Oscillant entre l’intime et l’inaccessible, l’objet n’a plus d’échelle mais est pensé en termes de proportions. Il s’établit un dialogue entre des masses et des vides contemplatifs, des formes et des contre-formes, l’oppression et la libération, un dialogue entre motifs énigmatiques et figures impossibles. Ici les décisions n’entrainent aucune conséquence prédictible, nous bouleversons les problématiques compositionnelles. Cet objet est une sorte d’improbabilité dynamique.

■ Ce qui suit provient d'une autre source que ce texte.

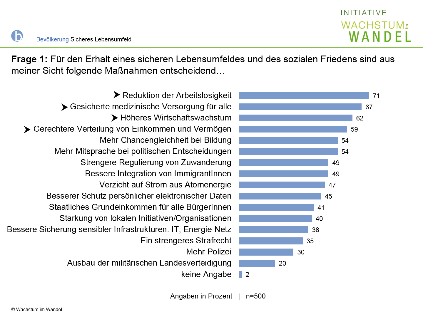 Frage 1: Für den Erhalt eines sicheren Lebensumfeldes und des sozialen Friedens sind aus meiner Sicht folgende Maßnahmen entscheidend…

« C’EST LA QUESTION DU MESURABLE ET NON MESURABLE, LE SENTIMENT ET LE RÊVE NON PAS DE MESURE ET LE RÊVE DE CHACUN EST SINGULIER. » Silence et Lumière, Louis Kahn, 1996
TABLEAUX
série de 5 axonométries, 2 plans et 2 coupes 30x30cm, papier mat, sans échelle
Le projet s’accompagne d’une série de représentations concrétisant l’imaginaire exploré dans la maquette Objet N°3. Les coupes retranscrivent la complexité des espaces créés, à travers des tableaux au langage graphique surréel et énigmatique, où l’objet prend place dans des paysages désertés.
EXPLORATION VIDEO
film monté à partir d’images fixes animées, 6 minutes, montage sur Adobe Première Pro
Ce film explore l’intériorité de « l’Objet n°3 » sous forme de parcours, relevant volumes et lumières, tentant de retranscrire pas après pas les sensations et atmosphères successives, proposant ainsi une experience sensible et immersive.
EXPOSITION
rendu sous forme d’exposition, ENSAV, Février 2014
Le projet a été présenté sous forme d’exposition lors de la soutenance devant un jury professionnel. Nous avions imaginé et conçu une scénographie permettant de mettre en valeur les recherches théoriques et pratiques de notre travail, reprennant l’idée d’un parcours où le visiteur pouvait appréhender librement les différentes expérimentations.